Also, when the Nb concentration 0.73 mol / L, concentration of ozone Nb supporting amount generated by 2.14μmol / cm ² is 0.16 mg / L, Nb support amount in 3.97μmol / cm ² 0.26mg / L, Nb supported amount of 0.48 mg / L at 5.88 μmol / cm ² , Nb supported amount of 0.49 mg / L at 8.08 μmol / cm ² , Nb supported amount of 0.54 mg at 8.90 μmol / cm ² / L, Nb support amount 10.10μmol / cm ² at 0.49 mg / L, Nb support amount in ^{10.86μmol / cm 2 0.30mg / L,} Nb support amount in 11.99μmol / cm ² 0. The amount of Nb supported was 0.03 mg / L at 15.30 μmol / cm ² and the amount of Nb supported was 0.003 mg / L at 15.75 μmol / cm ² .

Also, when the Nb concentration 1.45 mol / L, concentration of ozone Nb supporting amount generated by 4.127μmol / cm ² is 0.035 mg / L, Nb support amount in 7.46μmol / cm ² 0.07mg / L, Nb loading is 0.18 mg / L at 10.24 μmol / cm ² , Nb loading is 0.35 mg / L at 12.82 μmol / cm ² , and Nb loading is 0.26 mg at 15.29 μmol / cm ² . / L.

As shown in FIG. 7, when the amount of Nb supported on the surface layer 4 of the electrode 1 for electrolysis is 2 μmol / cm ^{2 to} 16 μmol / cm ² , the ozone concentration generated in the electrolyte solution is 0.1 mg / L or more. And ozone can be generated with high efficiency. The ozone concentration is such that 99% of pathogenic enterobacteria (for example, O157) can be killed in about 5 seconds, and the amount of Nb supported on the surface layer 4 is ² to 16 μmol / cm ^2. desirable.
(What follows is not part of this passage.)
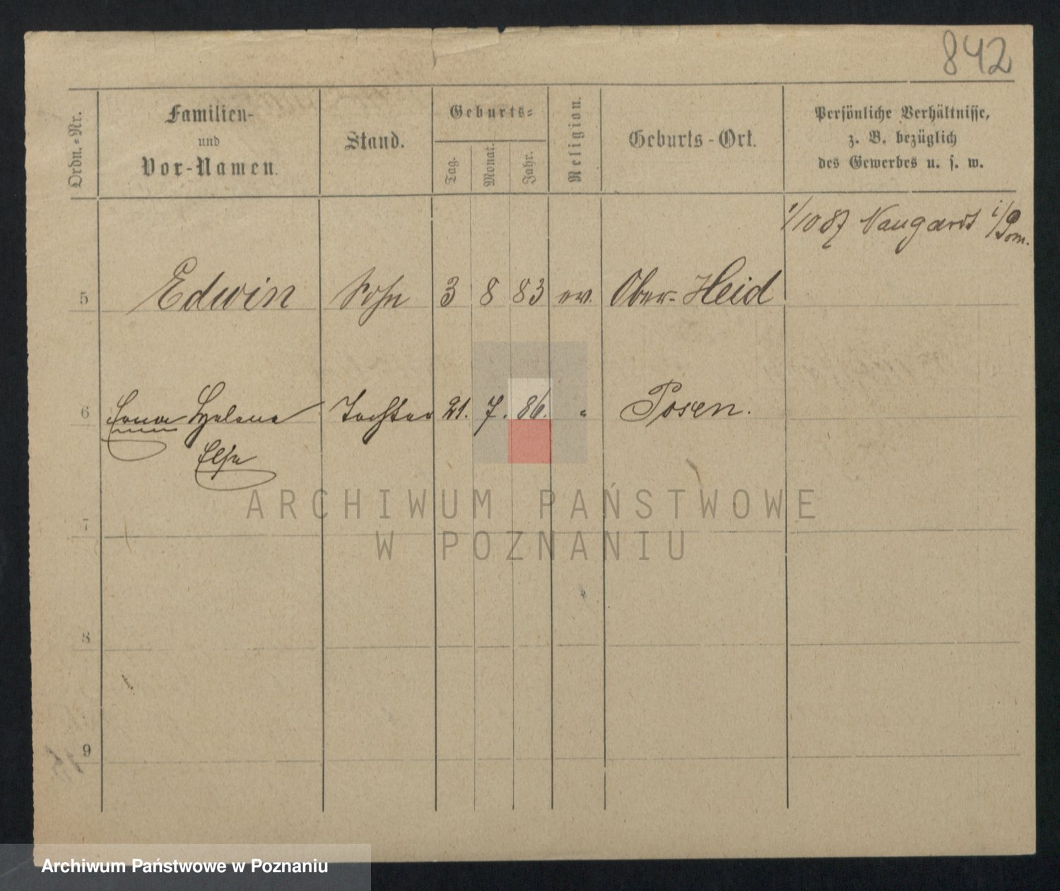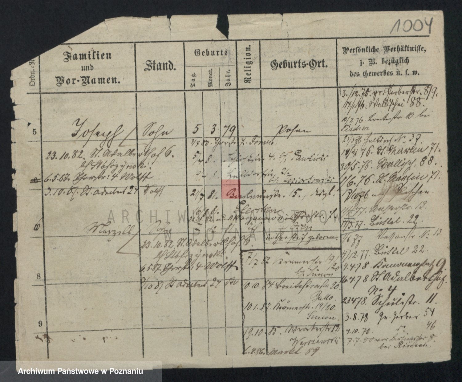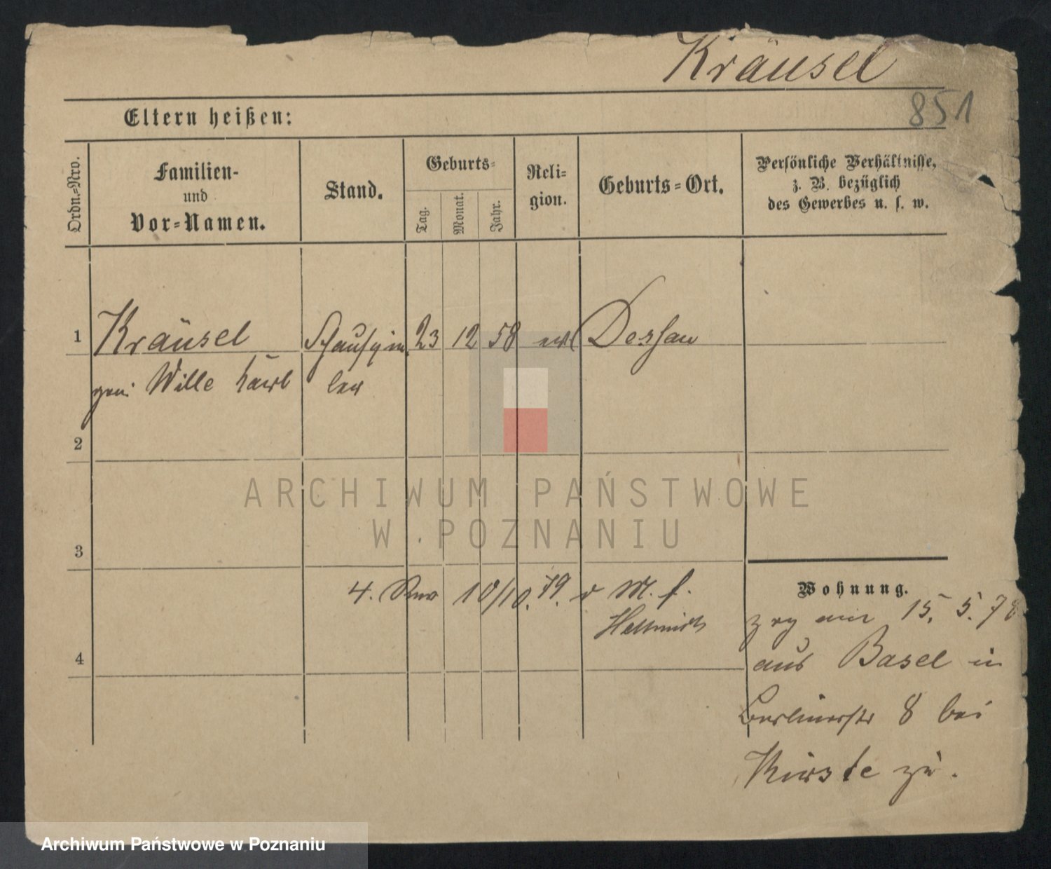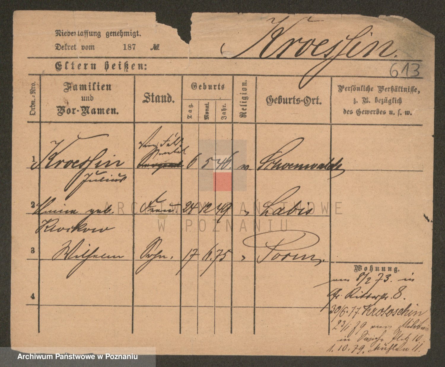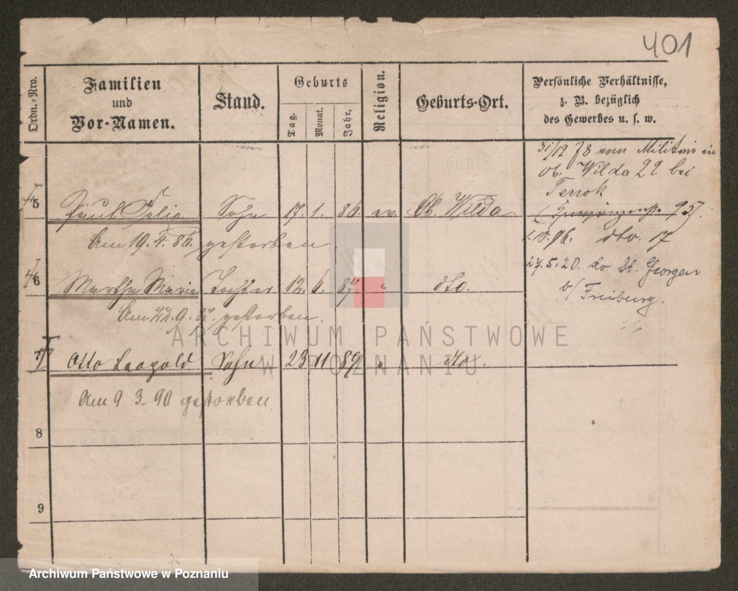 Podgląd karty osobowej dostępny jest po kliknięciu na nazwisko lub ikonkę karty. Można dokonywać powiększenia (ikony na górze) lub przechodzić między kolejnymi skanami (strzałki po bokach).

Furthermore, the supported amount of Nb in the surface layer 4 of the electrode 1 for electrolysis is ^{4μmol / cm 2 ~13μmol / cm 2} , it is possible ozone concentration generated in the electrolyte solution is to 0.3 mg / L or more. The ozone concentration is such that 99% of the virus can be killed within 5 minutes. When the amount of Nb supported on the surface layer 4 is 4 to 13 μmol / cm ² , higher sterilization and virus inactivation effects can be obtained. realizable.
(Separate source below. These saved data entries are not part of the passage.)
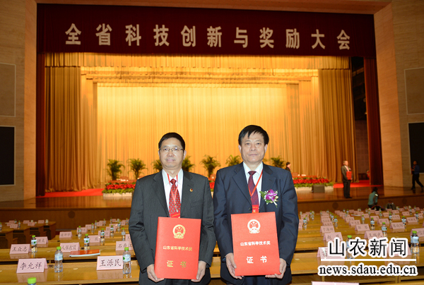 11月23日,全省科技创新与奖励大会在济南隆重举行,姜异康、姜大明等省领导为获得2012年度山东省科技奖的获奖者代表颁奖。由b体育官网张宪省教授等完成的“植物生殖器官的发育与激素调节”获得今年唯一的山东省自然科学一等奖,这也是b体育官网首次获得山东省自然科学一等奖。由陈学森教授等完成的“杏和李等核果类果树种质资源挖掘、创制与利用”获得山东省科技进步一等奖。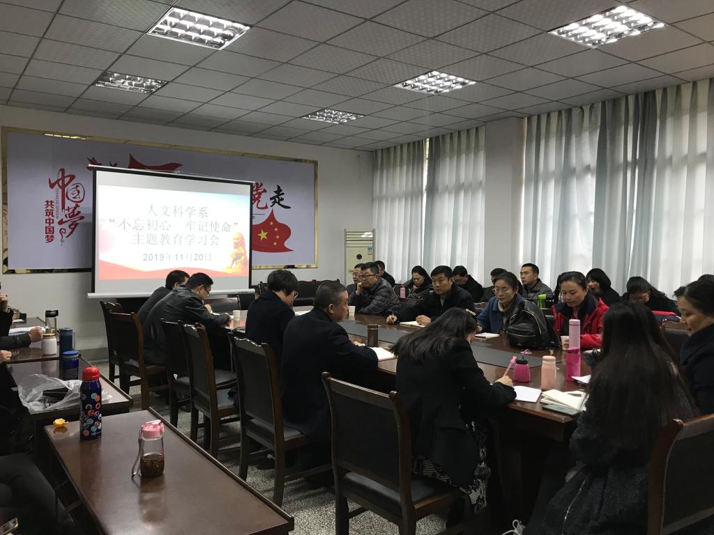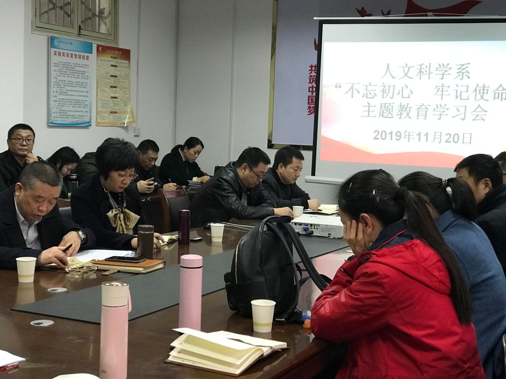 20191120日下午4点,人文科学系党总支在实验楼306会议室开展了“不忘初心、牢记使命”主题教育专题学习会。人文科学系全体教职工参加会议。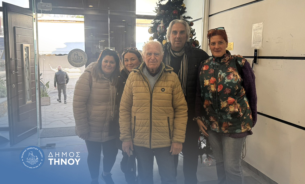 Το Δημαρχείο Τήνου επισκέφτηκαν σήμερα ωφελούμενοι και στελέχη του ΚΗΦΗ (Κέντρου Ημερήσιας Φροντίδας Ηλικιωμένων) Δήμου Τήνου, με αφορμή τις Άγιες Ημέρες των Χριστουγέννων, και αντάλλαξαν ευχές με τον Δήμαρχο Τήνου, κ. Παναγιώτη Κροντηρά.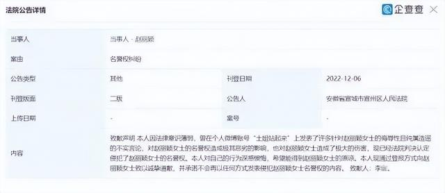 2022年12月,李某刊登道歉声明,声明中称其曾在个人微博账号上发表许多针对赵丽颖的侮辱性且纯属造谣的不实言论,对赵丽颖名誉权造成极其恶劣的影响,其对自己的行为深感懊悔,现通过登报方式向赵丽颖致以诚挚道歉,并承诺不会再以任何方式发表侵犯赵丽颖名誉权的内容。

Furthermore, when the amount of Nb supported on the surface layer 4 of the electrode 1 for electrolysis is 5 μmol / cm ^{2 to} 10 μmol / cm ² , the ozone concentration generated in the electrolyte solution can be 0.5 mg / L or more. The ozone concentration is such that pathogenic spore bacteria (for example, tetanus) can be killed by 99% within 5 minutes, and the amount of Nb supported on the surface layer 4 is 5 to 10 μmol / cm ^2. Can achieve higher sterilization and virus inactivation effect.

In this way, by adjusting the amount of Nb supported on the surface layer 4, it becomes possible to more effectively generate ozone at a concentration corresponding to the purpose of use at a low current.

(4) Dependence of ozone generation amount on surface layer raw material application frequency On the other hand, with reference to FIG. 8, focusing on the number of surface layer raw material application times, the ozone generation concentration with respect to the application frequency is examined. As shown in FIG. 8, in this experiment, when the Nb concentration is 0.37 mol / L, the ozone concentration generated by 10 times of application is 0.083 mg / L, 20 times of application is 0.43 mg / L, and 30 times of application. 0.48 mg / L, 0.54 mg / L after 40 applications, and 0.43 mg / L after 50 applications. In addition, when the Nb concentration is 0.73 mg / L, the ozone concentration generated by 5 times application is 0.003 mg / L, 10 times application is 0.032 mg / L, 15 times application is 0.153 mg / L, 20 times. 0.30 mg / L for application, 0.49 mg / L for 25 application, 0.54 mg / L for 30 application, 0.49 mg / L for 35 application, 0.40 mg / L for 40 application, 45 application It was 0.26 mg / L by application and 0.16 mg / L by 50 applications. In addition, when the Nb concentration is 1.45 mol / L, the ozone concentration generated by 5 times application is 0.035 mg / L, 10 times application is 0.07 mg / L, 15 times application is 0.18 mg / L, 20 times. It was 0.35 mg / L by coating and 0.26 mg / L by 25 coatings.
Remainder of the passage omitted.